In training machine learning models, there is a trade-off between bias and variance, whereby bias illustrates how well a model has captured the patterns in the data, and variance illustrates how well those patterns apply to different cuts of data (i.e. training vs. test vs. validation).

  • Underfitting: A model with high bias is said to underfit the training dataset, i.e. it has not learned adequate patterns that capture relevant relationships between the input and the output/target. In such cases, the variance of how the model performs on training versus test/validation datasets tends to be low i.e. performs equally badly across all datasets.
  • Overfitting: A model with low bias is said to overfit the training dataset, i.e. it has learned too many granular patterns in the training dataset, which enables it to perform extremely well when tested against the training dataset, but very poorly when tested against the test/validation datasets, thereby having high variance.

Both underfitting and overfitting result in poor performance when deployed to production and exhibit what is referred to here as statistical bias. Statistical bias can be summarised as the average error in a model’s predictions versus reality (i.e. the correct output that the model is trying to predict).

What are the root causes of statistical bias?

The main root cause of statistical bias is often because the patterns that the model has learnt through the training process are not reflective of the real relationships between the input data and the target/output. As a result, the model either needs more optimisation and training or additional/better data and/or features to learn more relevant patterns from.

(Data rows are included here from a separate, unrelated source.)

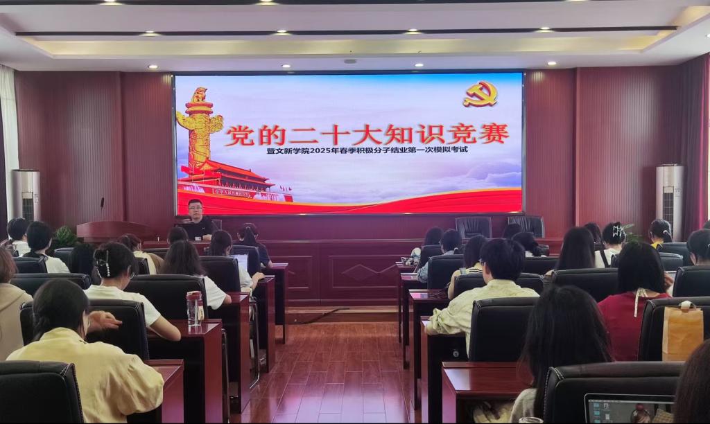为贯彻落实党的二十大精神,积极探索“党建+互联网”新模式,进一步提升积极分子的理论知识水平,5月16日12时10分,“党的二十大知识竞赛暨文新学院2025年春季积极分子第一次模拟考试”于雷竞技官网金盆岭校区九号教学楼218、223室成功举行。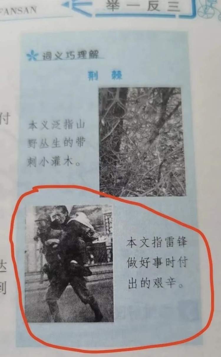 据网友提供图片显示,配图出现在词义巧理解栏中,一幅疑是穿着日军军装的人背着老太的照片,配文为雷锋做好事时付出的艰辛。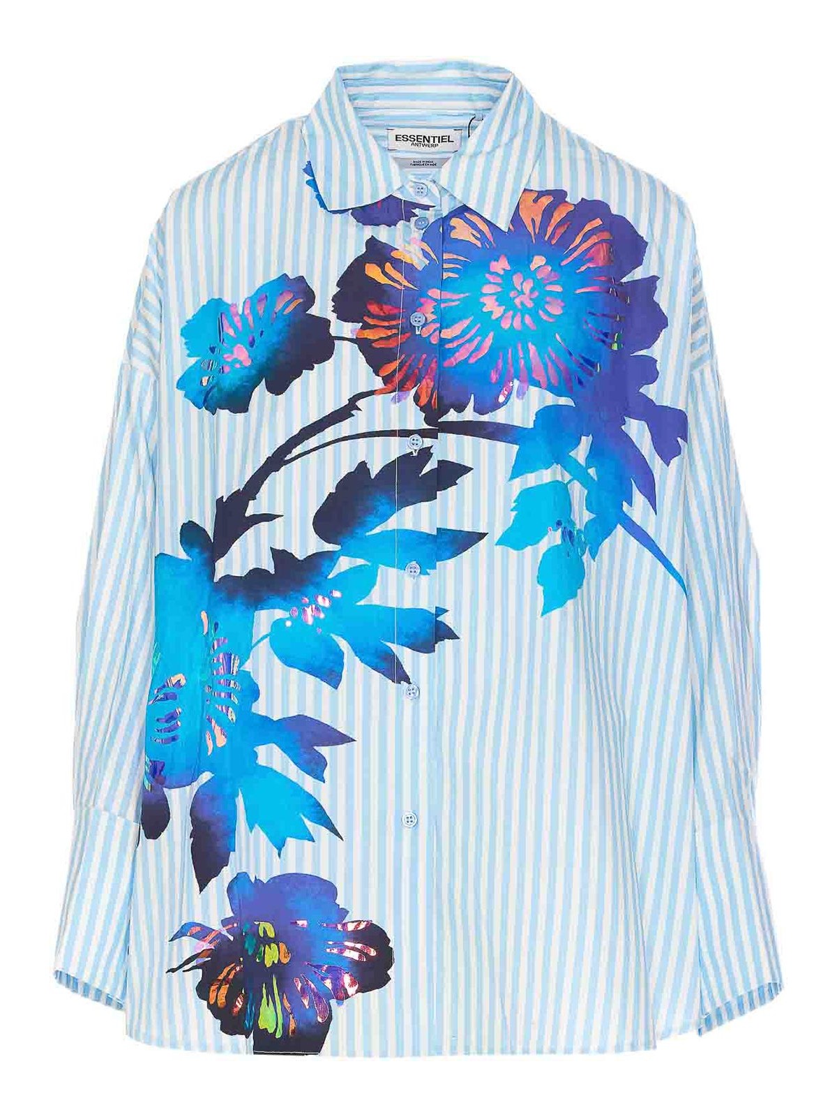 Chemise Hibra bleu clair Essentiel Antwerp, boutons, manches longues, col régulier, imprimé à rayures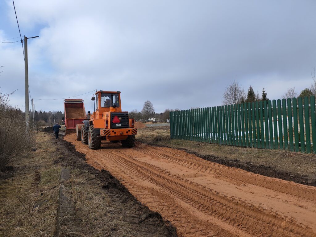 Для восстановления качественного проезда коммунальщики используют проверенную технологию: сначала на поврежденном участке срезается грунт, подсыпается песок, затем завозится достаточное количество песчано-гравийной смеси и с помощью спецтехники производится грейдирование и формирование профиля дороги.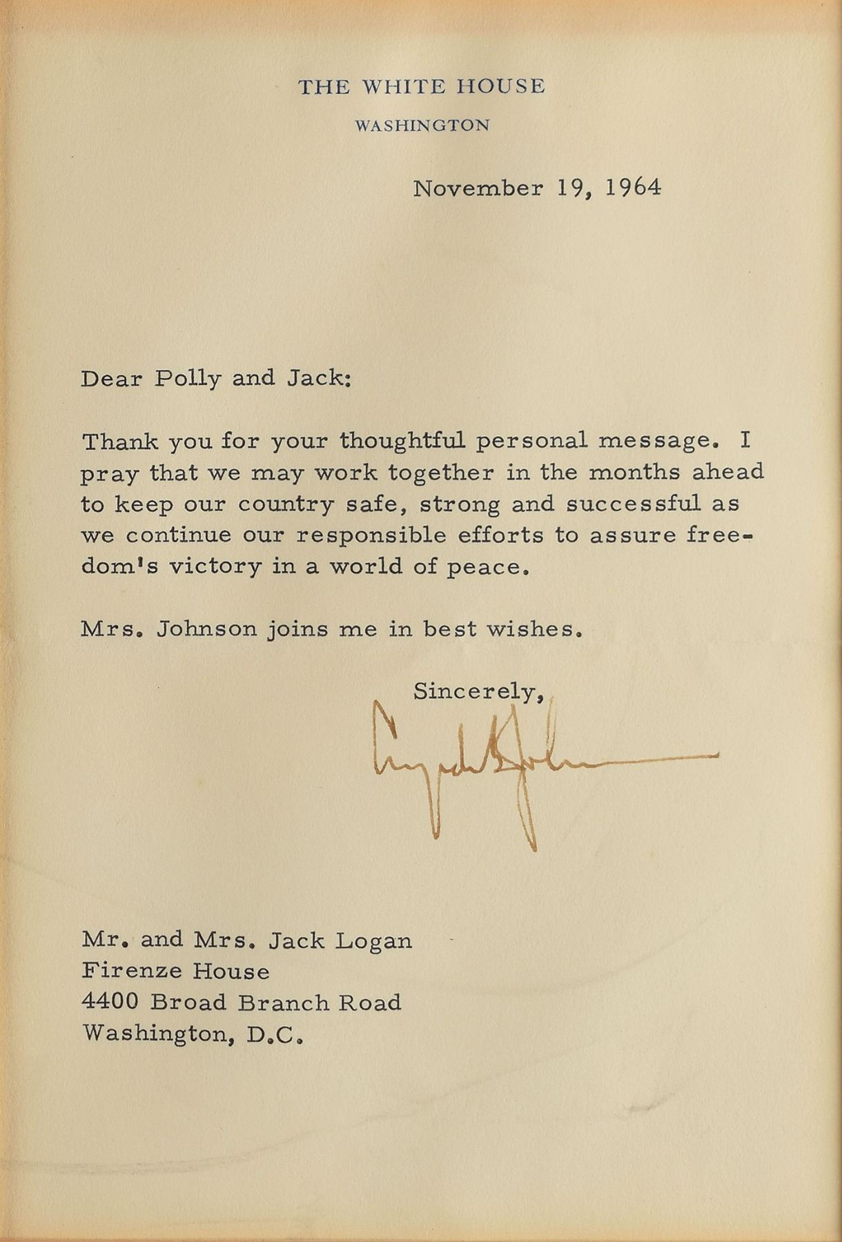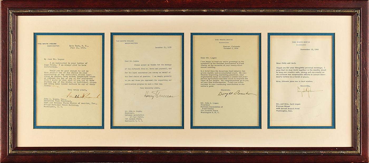 Three TLSs as president, signed by Franklin D. Roosevelt, Harry S. Truman, and Dwight D. Eisenhower, each one page, White House letterhead, dated 1935–1954; also includes a secretarially signed letter from LBJ. All to John A. Logan of the National Association of Food Chains.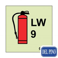 Señal de extintor hídrico de 9 litros.
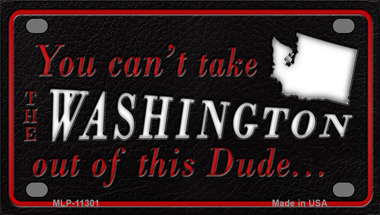 Washington Dude Novelty Mini Metal License Plate Tag. 2.2" x 4" high gloss novelty mini metal license plate tag. Made of the highest quality aluminum for a weather resistant finish. It is lightweight and durable. Pre-drilled holes for quick and easy mounting on any vehicle, or add a ribbon, wire or string to instantly turn this license plate into a sign and display it on a wall or door. Individually shrink-wrapped and proudly made in the USA.

Now imagine we are training an ML model to predict the likelihood of a football team winning a match. To do so, we have access to 20 years of historical head-to-head results and are using that to predict the score of a given match. This model is likely to be highly biased as we all know that past results are not always a good indicator of future performance (especially in the case of Manchester United…!).

In this case, additional predictive features could be included to reduce the bias of the model, such as: fitness of players, availability of star player(s), the formation in use, relative experience of players and coach, in-game statistics such as the amount of possession, number of passes, number of yellow/red cards, recent results, amongst others.

So what about ethical bias?

Statistical bias and ethical bias can be considered as independent. You can have a model that is near perfect in terms of statistical bias (i.e. has low bias/average error) but can exhibit hugely concerning ethical bias. Ethical bias can be defined as bias that leads to unethical (e.g. illegal, unfair or immoral) outcomes, often disadvantaging a particular group of individuals’ rights.

Statistical Bias vs Ethical Bias – cheat sheet

I am a big fan of the so-called "one-pagers" and have created the following cheat sheet that captures the essence of this blog in a condensed manner. It can be a useful tool to assess potential root causes of both statistical and ethical bias in your AI/ML models, along with a non-exhaustive list of possible mitigations to address them:

The first half of the above table covers different types of "statistical bias" in AI/ML models, most of which are relatively well-established in the data science community. Underfitting and Overfitting can be thought of as the main symptoms that help detect statistical bias in AI/ML models and the other 7 items can be thought of as the root causes leading to such statistical bias. The 7 root causes are: 1) Having an unrepresentative sample used for training, 2) Having unbalanced classes, 3) Lack of sufficient data and/or predictive features, 4) Ineffective algorithms and/or hyper-parameters, 5) reinforced bias through ineffective dynamic retraining of models and/or "biased" reward functions in reinforcement learning agents, 6) inconsistent labeling or mislabeling of data used for training, and 7) inconsistent/different quality of data used for training versus data used in production (i.e. measurement bias).

The second half of the table covers potential root causes of "ethical bias" in AI/ML models and possible mitigations, which is a less-established topic in the data science community and is still evolving. I’ll therefore dive a bit deeper into each of the potential root causes of ethical bias in the next section with the help of "real" examples/use-cases.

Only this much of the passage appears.